- Your instructions: The answer should consist of the full listing below, repeated exactly and free of pictures.

- Information shown:
##########

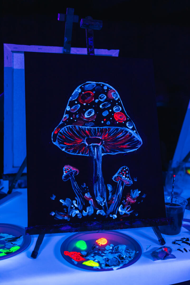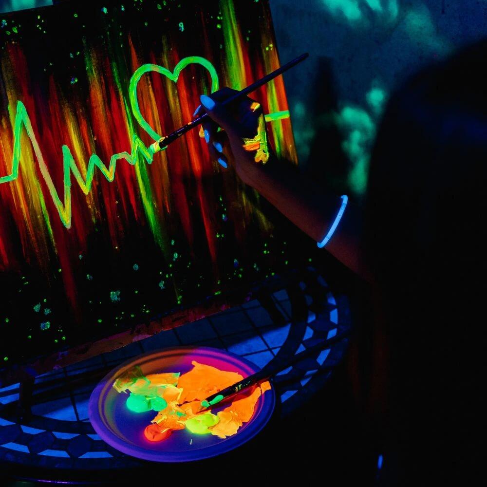 1. Nechte barvy zářit – Malování se speciálními fluorescenčními barvami vytváří efekt, který jinde nezažijete. Váš obraz bude zářit i potmě.
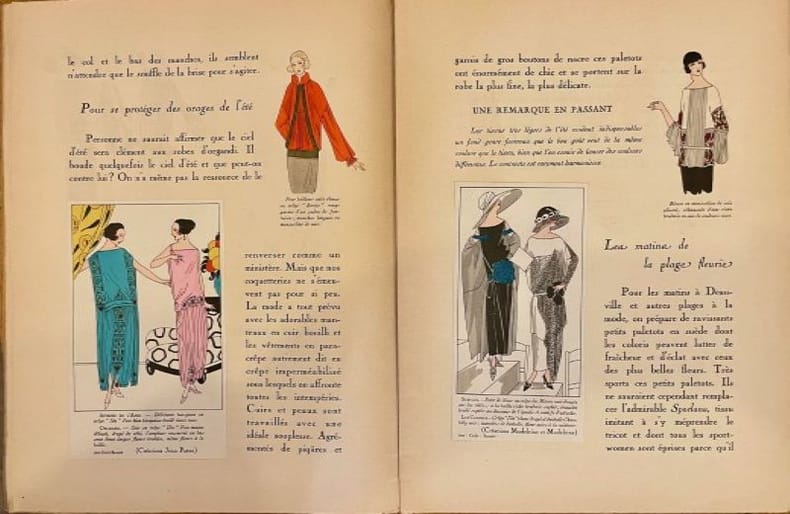Albert Godde, Beddin et Cie, établissements prestigieux de soieries lyonnais fondé en 1867 publient à partir de 1920 la prestigieuse revue de mode "Art Goût Beauté" ; cette revue paraît pendant 13 ans, présentant les créations des grands couturiers, modistes, accessoiristes, maisons de lingeries et frivolités, ainsi que les échantillons de leurs tissus imprimés... sur des textes journalistiques de Éric Bagge, Lucie Neumeyer ... largement illustrés de pochoirs, souvent contrecollés, et complétés par la présentation des échantillons de tissus A.G.B. en pages de garde. "Revue publiant mensuellement les plus beaux modèles des grands couturiers dans le coloris exact de leur création ainsi que tous les tissus en vogue" qui paraît entre le 10 et 15 de chaque mois. Ce magazine s'appela, à ses débuts et jusqu'en 1921, "Les Succès Art Goût Bon Ton" puis son titre changea définitivement et devint " Art, Goût, Beauté". Ces deux titres sont un rappel des initiales des Successeurs d'Albert Godde, Bedin & Cie. Chaque numéro, d'abord composé de 6 feuillets doubles, passa ensuite à 8 feuillets doubles. Les nombreuses illustrations internes sont collées ou imprimées lithographiquement, en noir ou en couleurs et coloriées au pochoir : Colette, Dory, Drivon, ... La technique graphique rappelle celle de la Gazette du Bon Ton, les textes et les illustrations font partie de la même construction, les aplats de couleurs sont caractéristiques du cubisme et le respect des couleurs des modèles originaux est garanti par la méthode manuelle du pochoir. Les pages de gardes sont composées des tissus lancés par la maison A.G.B. De grands couturiers participèrent à cette élégante revue : Beer, Doeuillet, Drecoll-Beer, Jenny, Jeanne Lanvin, Lucien Lelong, Jean Patou, Paul Poiret, Worth, ... Bel exemplaire, infimes usures. Sont joints à ce numéro la liste des Maisons accordant un escompte aux abonnés de la revue ainsi que le bulletin d'abonnement.
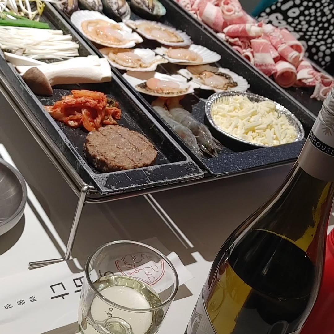 저희는 '우바다'의 시그니처 메뉴인 해물삼합구이를 주문했답니다. 🤩 보기만 해도 군침이 도는 신선한 전복, 가리비, 통오징어, 새우가 먹음직스러운 차돌박이, 아삭한 숙주, 향긋한 버섯과 함께 푸짐하게 나왔어요. ✨ 직원분께서 능숙한 솜씨로 직접 구워주시니 가장 맛있는 타이밍에 따뜻하게 즐길 수 있었답니다. 🔥

##########

- Answer box:
 1. Nechte barvy zářit – Malování se speciálními fluorescenčními barvami vytváří efekt, který jinde nezažijete. Váš obraz bude zářit i potmě.
Albert Godde, Beddin et Cie, établissements prestigieux de soieries lyonnais fondé en 1867 publient à partir de 1920 la prestigieuse revue de mode "Art Goût Beauté" ; cette revue paraît pendant 13 ans, présentant les créations des grands couturiers, modistes, accessoiristes, maisons de lingeries et frivolités, ainsi que les échantillons de leurs tissus imprimés... sur des textes journalistiques de Éric Bagge, Lucie Neumeyer ... largement illustrés de pochoirs, souvent contrecollés, et complétés par la présentation des échantillons de tissus A.G.B. en pages de garde. "Revue publiant mensuellement les plus beaux modèles des grands couturiers dans le coloris exact de leur création ainsi que tous les tissus en vogue" qui paraît entre le 10 et 15 de chaque mois. Ce magazine s'appela, à ses débuts et jusqu'en 1921, "Les Succès Art Goût Bon Ton" puis son titre changea définitivement et devint " Art, Goût, Beauté". Ces deux titres sont un rappel des initiales des Successeurs d'Albert Godde, Bedin & Cie. Chaque numéro, d'abord composé de 6 feuillets doubles, passa ensuite à 8 feuillets doubles. Les nombreuses illustrations internes sont collées ou imprimées lithographiquement, en noir ou en couleurs et coloriées au pochoir : Colette, Dory, Drivon, ... La technique graphique rappelle celle de la Gazette du Bon Ton, les textes et les illustrations font partie de la même construction, les aplats de couleurs sont caractéristiques du cubisme et le respect des couleurs des modèles originaux est garanti par la méthode manuelle du pochoir. Les pages de gardes sont composées des tissus lancés par la maison A.G.B. De grands couturiers participèrent à cette élégante revue : Beer, Doeuillet, Drecoll-Beer, Jenny, Jeanne Lanvin, Lucien Lelong, Jean Patou, Paul Poiret, Worth, ... Bel exemplaire, infimes usures. Sont joints à ce numéro la liste des Maisons accordant un escompte aux abonnés de la revue ainsi que le bulletin d'abonnement.
 저희는 '우바다'의 시그니처 메뉴인 해물삼합구이를 주문했답니다. 🤩 보기만 해도 군침이 도는 신선한 전복, 가리비, 통오징어, 새우가 먹음직스러운 차돌박이, 아삭한 숙주, 향긋한 버섯과 함께 푸짐하게 나왔어요. ✨ 직원분께서 능숙한 솜씨로 직접 구워주시니 가장 맛있는 타이밍에 따뜻하게 즐길 수 있었답니다. 🔥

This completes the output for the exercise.